Scientific classification
- Kingdom: Animalia
- Phylum: Chordata
- Class: Amphibia
- Order: Anura
- Family: Hyperoliidae
- Genus: Hyperolius
- Species: H. kivuensis
- Binomial name: Hyperolius kivuensis Ahl, 1931
- Synonyms: Hyperolius multifasciatus Ahl, 1931

= Hyperolius kivuensis =

- Genus: Hyperolius
- Species: kivuensis
- Authority: Ahl, 1931
- Conservation status: LC
- Synonyms: Hyperolius multifasciatus Ahl, 1931

Species of amphibian

Hyperolius kivuensis is a species of frog in the family Hyperoliidae. It is found in Angola, Burundi, Democratic Republic of the Congo, Ethiopia, Kenya, Rwanda, Tanzania, Uganda, Zambia, possibly Mozambique, and possibly Sudan.

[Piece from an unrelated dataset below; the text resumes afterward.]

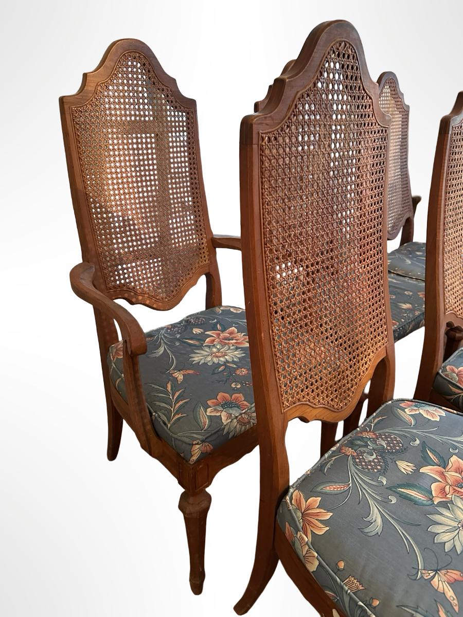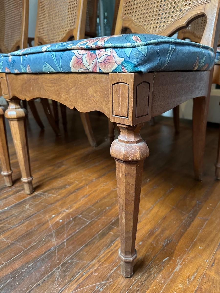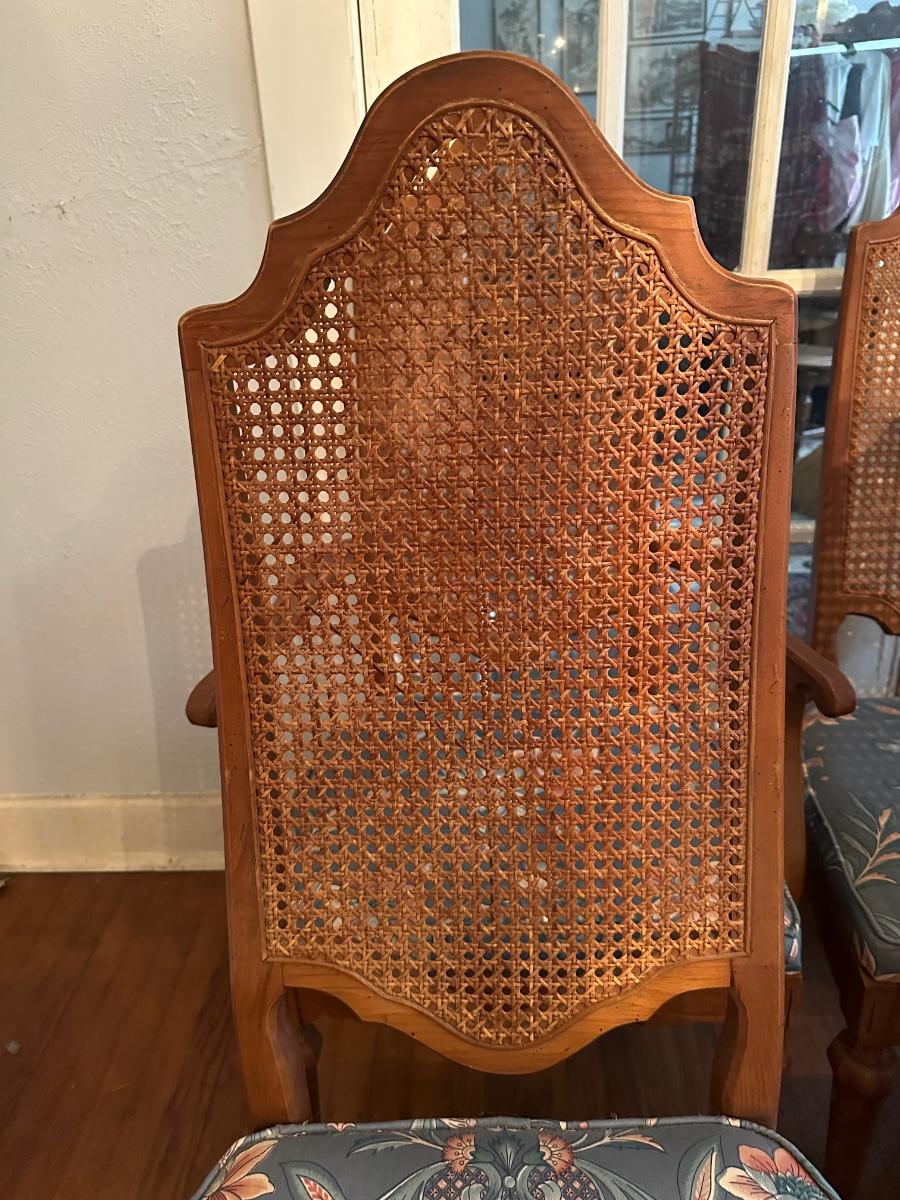 One arm chair. One chair has damage to the cane (see photos). A few other chairs are starting to show damage to the top of the cane. Solid and well-crafted, ideal for restoration or use as-is.

Its natural habitats are subtropical or tropical dry forests, moist savanna, subtropical or tropical seasonally wet or flooded lowland grassland, freshwater marshes, intermittent freshwater marshes, and plantations. It is not considered threatened by the IUCN.

It was recently determined that H. kivuensis and H. multifasciatus are only subspecifically distinct from each other, and the latter was synonymized with the former. Both were described in the same work by Ernst Ahl in 1931, H. multifasciatus on page 278 and H. kivuensis on page 280. Thus, it was argued that the synonymy should be the other way around.

However, if several first established in the same work are found to refer to the same species, the ICZN Code leaves the choice which name to choose to the first scientist to revise them accordingly. Furthermore, it makes the outcome of such a first revision binding. Hence, the initial synonymy cannot be repealed, and the correct scientific names of these frogs are H. kivuensis kivuensis and H. kivuensis multifasciatus.